Web applications are now ubiquitous, and among all transport protocols, HTTP occupies the lion's share. When studying the nuances of developing web applications, most pay very little attention to the operating system where these applications actually run. The separation of development (Dev) and operations (Ops) only made matters worse. But with the spread of the DevOps culture, developers are becoming responsible for running their applications in the cloud, so it is very useful for them to become familiar with the backend of the operating system. This is especially useful if you are trying to deploy a system for thousands or tens of thousands of concurrent connections.

Restrictions in Web Services are very similar to restrictions in other applications. Whether it's load balancers or database servers, all of these applications have similar problems in a high performance environment. Understanding these fundamental limitations and how to overcome them in general will allow you to evaluate the performance and scalability of your web applications.

I am writing this series of articles in response to questions from young developers who want to become well-informed system architects. It's impossible to clearly understand Linux application optimization techniques without diving into the basics of how they work at the operating system level. Although there are many types of applications, in this cycle I want to explore network applications, not desktop applications such as a browser or a text editor. This material is intended for developers and architects who want to understand how Linux or Unix programs work and how to structure them for high performance.

Linux is server room operating system, and most often your applications run on this OS. Although I say "Linux", most of the time you can safely assume that I mean all Unix-like operating systems in general. However, I have not tested the accompanying code on other systems. So, if you are interested in FreeBSD or OpenBSD, the result may be different. When I try something Linux specific, I point it out.

While you can use what you've learned to build an application from scratch and it'll be superbly optimized, it's best not to. If you write a new web server in C or C++ for your organization's business application, it might be your last day on the job. However, knowing the structure of these applications will help in choosing existing programs. You will be able to compare process-based systems with thread-based systems as well as event-based ones. You will understand and appreciate why Nginx performs better than Apache httpd, why a Tornado-based Python application can serve more users than a Django-based Python application.

ZeroHTTPd: A Learning Tool

ZeroHTTPd is a web server I wrote from scratch in C as a learning tool. It has no external dependencies, including access to Redis. We run our own Redis routines. See below for details.

While we could discuss theory at length, there's nothing better than writing code, running it, and comparing all server architectures. This is the most obvious method. Therefore, we will write a simple ZeroHTTPd web server using each model: based on processes, threads, and events. Let's test each of these servers and see how they perform compared to each other. ZeroHTTPd is implemented in a single C file. The event-based server includes uthash, a great hash table implementation that comes in a single header file. In other cases, there are no dependencies, so as not to complicate the project.
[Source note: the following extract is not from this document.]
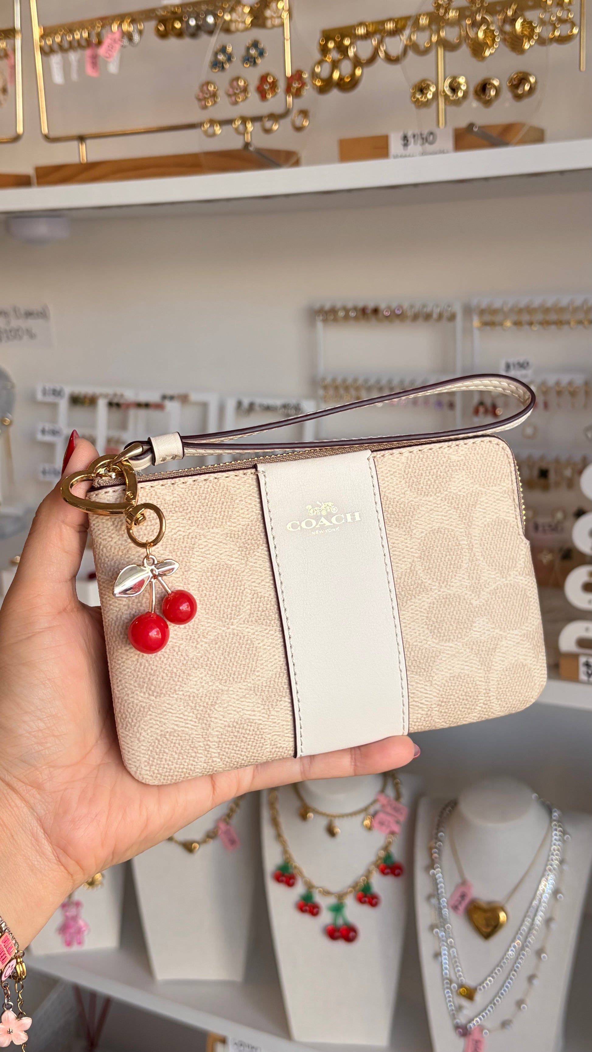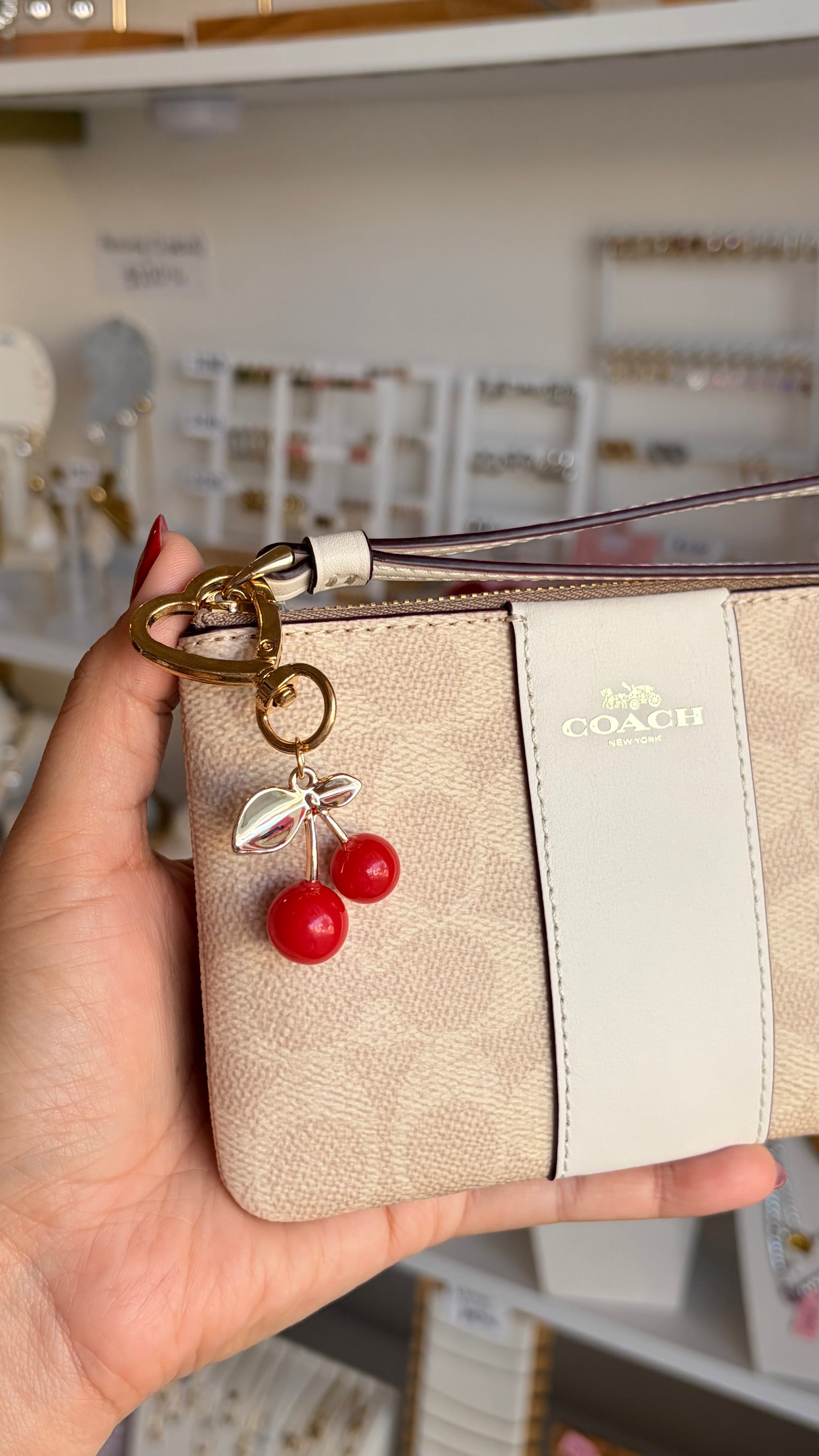 Llavero mini cerezas dorado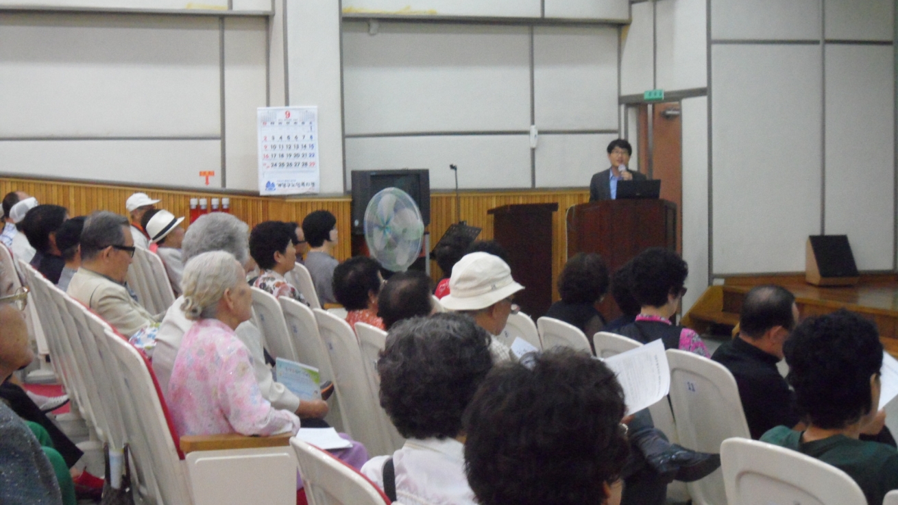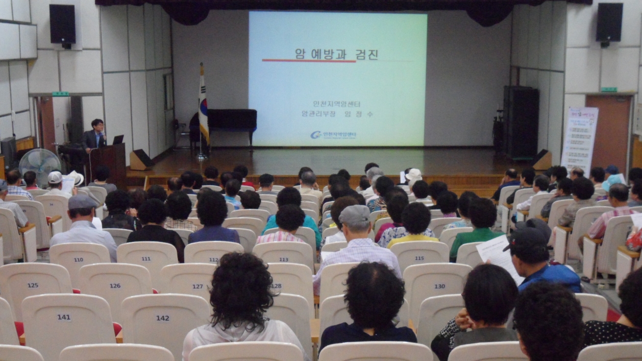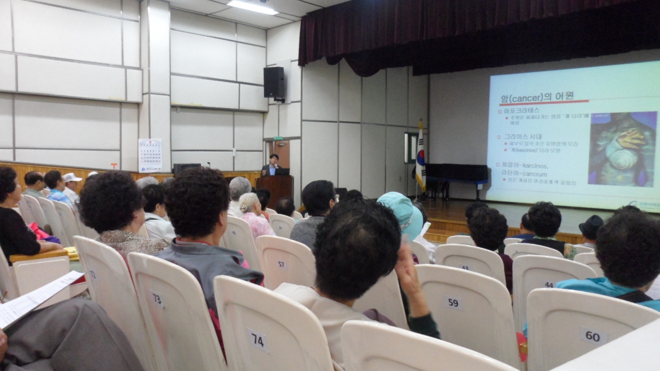 9월 26일 계양구 노인복지회관 3층 대강당에서 노인복지회관을 이용하시는 주민 150여명을 대상으로 인천지역암센터 임정수 교수가 암예방 강좌를 실시하였습니다.

There are a lot of comments in the code to help understand. Being a simple web server in a few lines of code, ZeroHTTPd is also a minimal web development framework. It has limited functionality, but is capable of serving static files and very simple "dynamic" pages. I must say that ZeroHTTPd is well suited for learning how to build high performance Linux applications. By and large, most web services wait for requests, validate them, and process them. This is exactly what ZeroHTTPd will do. This is a training tool, not a production tool. It's not very good at handling errors and is unlikely to boast of best security practices (oh yes, I used strcpy) or clever tricks of the C language. But I hope it does its job well.

ZeroHTTPd main page. It can output different types of files including images

Guest book application

Modern web applications are usually not limited to static files. They have complex interactions with various databases, caches, etc. Therefore, we will create a simple web application called "Guestbook", where visitors leave entries under their names. The guest book keeps the entries left earlier. There is also a visitor counter at the bottom of the page.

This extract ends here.